======== Record excerpts ========
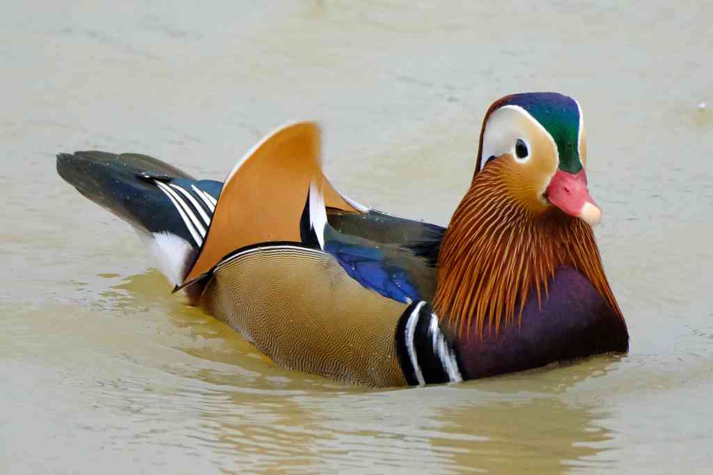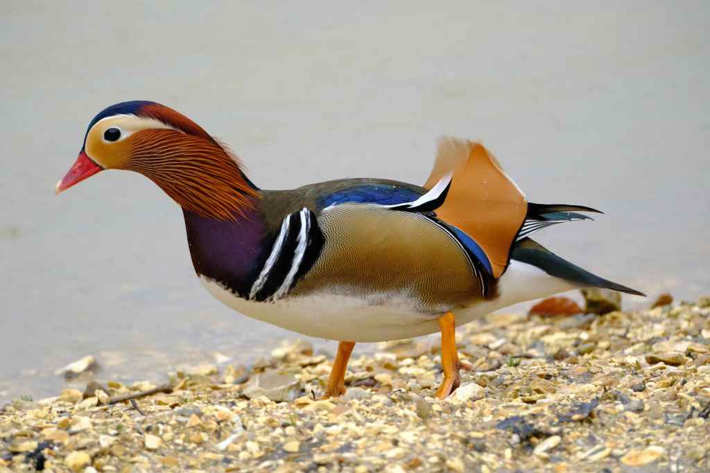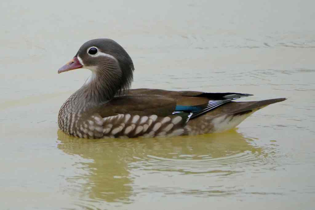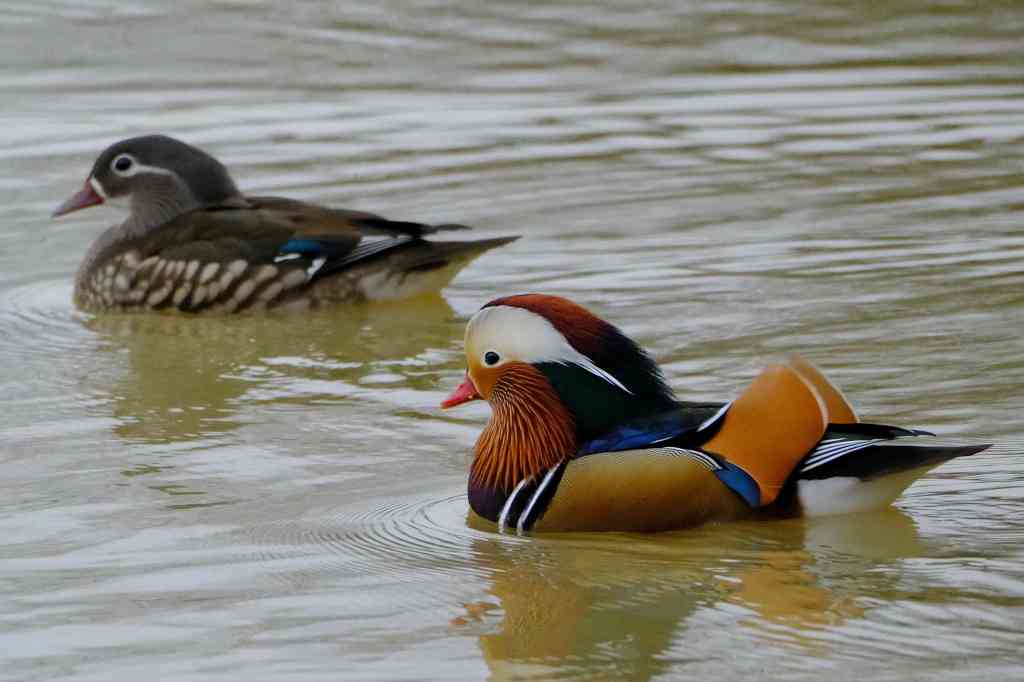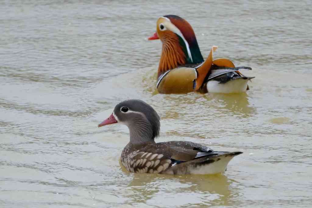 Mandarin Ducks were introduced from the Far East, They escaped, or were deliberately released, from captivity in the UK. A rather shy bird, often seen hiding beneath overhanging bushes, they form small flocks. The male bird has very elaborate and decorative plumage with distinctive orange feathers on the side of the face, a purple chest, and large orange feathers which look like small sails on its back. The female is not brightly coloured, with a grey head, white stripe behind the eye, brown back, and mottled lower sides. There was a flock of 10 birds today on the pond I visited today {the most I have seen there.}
========
======== Record excerpts ========
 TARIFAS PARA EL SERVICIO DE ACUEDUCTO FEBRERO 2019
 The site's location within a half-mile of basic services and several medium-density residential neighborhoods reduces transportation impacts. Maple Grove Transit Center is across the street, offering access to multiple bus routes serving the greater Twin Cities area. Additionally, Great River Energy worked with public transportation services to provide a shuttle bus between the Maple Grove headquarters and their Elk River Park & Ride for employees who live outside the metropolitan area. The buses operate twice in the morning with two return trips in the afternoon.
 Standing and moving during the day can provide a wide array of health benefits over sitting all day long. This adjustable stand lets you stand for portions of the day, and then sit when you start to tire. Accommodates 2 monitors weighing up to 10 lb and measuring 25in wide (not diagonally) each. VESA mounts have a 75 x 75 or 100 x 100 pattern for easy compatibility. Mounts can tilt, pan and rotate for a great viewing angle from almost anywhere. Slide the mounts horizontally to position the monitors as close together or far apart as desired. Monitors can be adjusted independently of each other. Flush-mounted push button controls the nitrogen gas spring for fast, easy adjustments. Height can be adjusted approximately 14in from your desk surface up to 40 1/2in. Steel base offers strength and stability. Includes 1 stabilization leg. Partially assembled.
========
======== Record excerpts ========
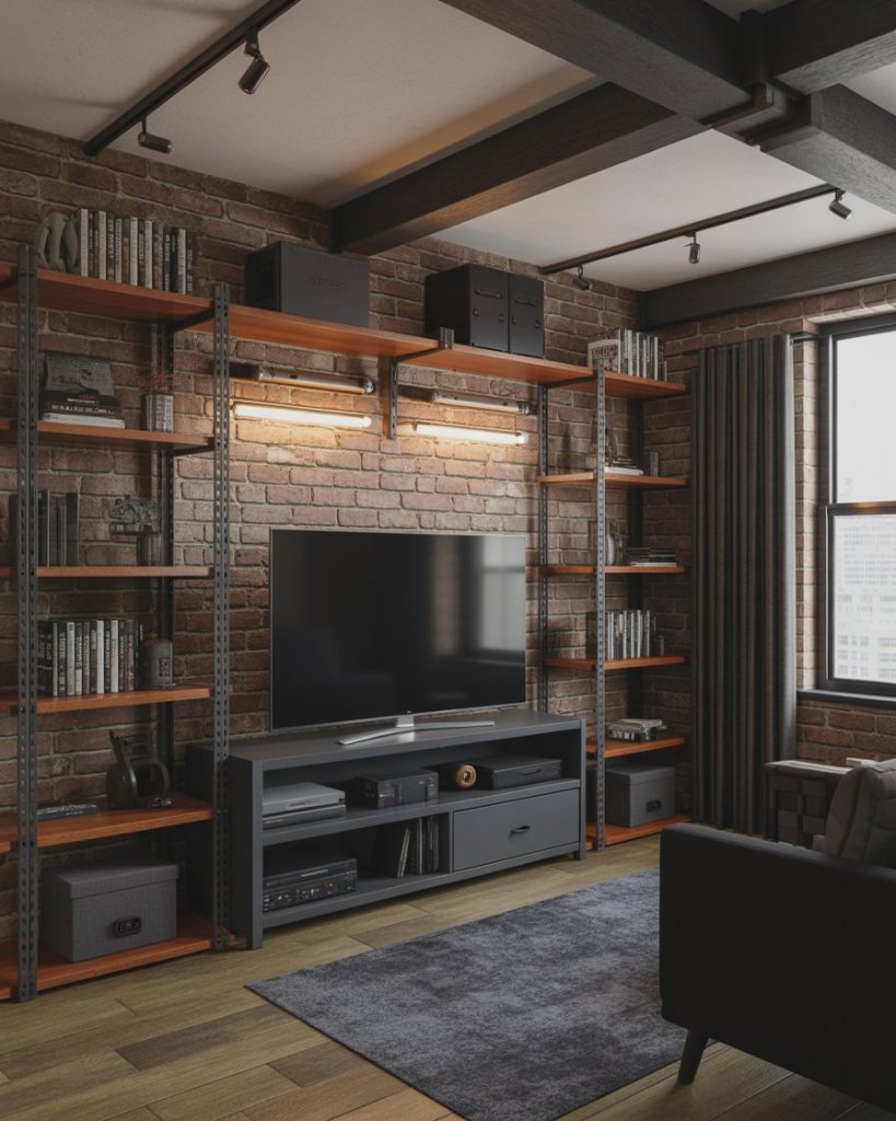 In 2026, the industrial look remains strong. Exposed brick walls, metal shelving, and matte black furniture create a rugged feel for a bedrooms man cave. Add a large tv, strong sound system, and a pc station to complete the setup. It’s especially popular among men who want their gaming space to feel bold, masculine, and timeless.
========
> _Work to be completed_: Out of the records above, pull each line containing the word "provide".

> _Result of the task_:
 The site's location within a half-mile of basic services and several medium-density residential neighborhoods reduces transportation impacts. Maple Grove Transit Center is across the street, offering access to multiple bus routes serving the greater Twin Cities area. Additionally, Great River Energy worked with public transportation services to provide a shuttle bus between the Maple Grove headquarters and their Elk River Park & Ride for employees who live outside the metropolitan area. The buses operate twice in the morning with two return trips in the afternoon.
 Standing and moving during the day can provide a wide array of health benefits over sitting all day long. This adjustable stand lets you stand for portions of the day, and then sit when you start to tire. Accommodates 2 monitors weighing up to 10 lb and measuring 25in wide (not diagonally) each. VESA mounts have a 75 x 75 or 100 x 100 pattern for easy compatibility. Mounts can tilt, pan and rotate for a great viewing angle from almost anywhere. Slide the mounts horizontally to position the monitors as close together or far apart as desired. Monitors can be adjusted independently of each other. Flush-mounted push button controls the nitrogen gas spring for fast, easy adjustments. Height can be adjusted approximately 14in from your desk surface up to 40 1/2in. Steel base offers strength and stability. Includes 1 stabilization leg. Partially assembled.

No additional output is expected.